TASK REQUIREMENTS ▸
Would you transcribe the records below from the line with "A lightweight, 3.2mm-thick" to the line with "Placér markøren i", ends included, exactly and with nothing more, leaving the pictures out?
━━ STUDY MATERIAL
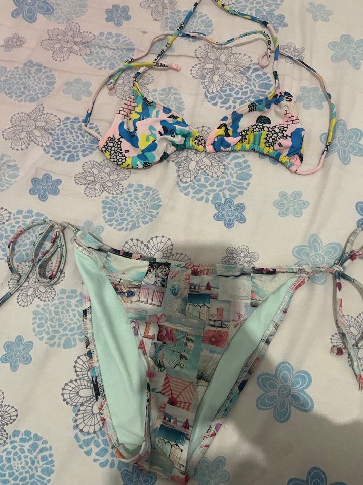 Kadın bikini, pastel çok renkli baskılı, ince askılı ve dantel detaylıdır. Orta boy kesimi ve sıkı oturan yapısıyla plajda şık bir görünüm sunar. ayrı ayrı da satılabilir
━━━━
━━ STUDY MATERIAL
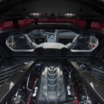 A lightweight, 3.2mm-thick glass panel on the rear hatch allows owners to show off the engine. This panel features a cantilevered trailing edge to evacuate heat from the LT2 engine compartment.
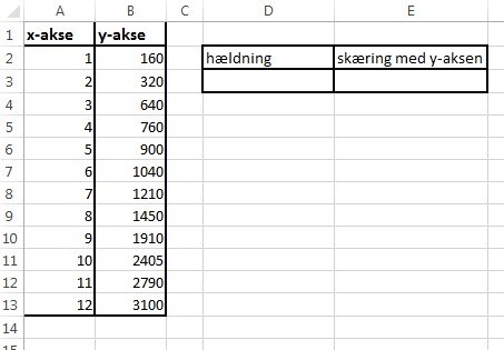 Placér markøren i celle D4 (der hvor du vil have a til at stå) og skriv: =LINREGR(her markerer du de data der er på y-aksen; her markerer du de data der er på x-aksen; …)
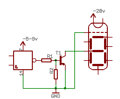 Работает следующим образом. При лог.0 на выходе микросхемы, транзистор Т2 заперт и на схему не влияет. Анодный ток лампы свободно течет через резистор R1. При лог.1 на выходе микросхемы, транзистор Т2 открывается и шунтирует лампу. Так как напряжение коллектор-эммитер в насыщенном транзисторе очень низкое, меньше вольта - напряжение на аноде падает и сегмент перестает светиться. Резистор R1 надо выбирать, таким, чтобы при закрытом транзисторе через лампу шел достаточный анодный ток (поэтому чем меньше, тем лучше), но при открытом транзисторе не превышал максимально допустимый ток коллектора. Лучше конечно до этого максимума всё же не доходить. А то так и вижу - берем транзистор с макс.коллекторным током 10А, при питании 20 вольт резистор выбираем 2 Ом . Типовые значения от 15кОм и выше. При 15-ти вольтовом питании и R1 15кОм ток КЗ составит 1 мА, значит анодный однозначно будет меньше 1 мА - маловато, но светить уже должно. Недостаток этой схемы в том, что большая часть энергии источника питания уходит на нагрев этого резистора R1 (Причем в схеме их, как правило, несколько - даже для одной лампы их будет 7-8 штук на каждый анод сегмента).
━━━━
━━ STUDY MATERIAL
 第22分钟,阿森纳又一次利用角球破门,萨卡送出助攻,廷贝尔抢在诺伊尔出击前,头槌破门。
━━━━
REPLY TO THE EXERCISE ▸
 A lightweight, 3.2mm-thick glass panel on the rear hatch allows owners to show off the engine. This panel features a cantilevered trailing edge to evacuate heat from the LT2 engine compartment.
 Placér markøren i celle D4 (der hvor du vil have a til at stå) og skriv: =LINREGR(her markerer du de data der er på y-aksen; her markerer du de data der er på x-aksen; …)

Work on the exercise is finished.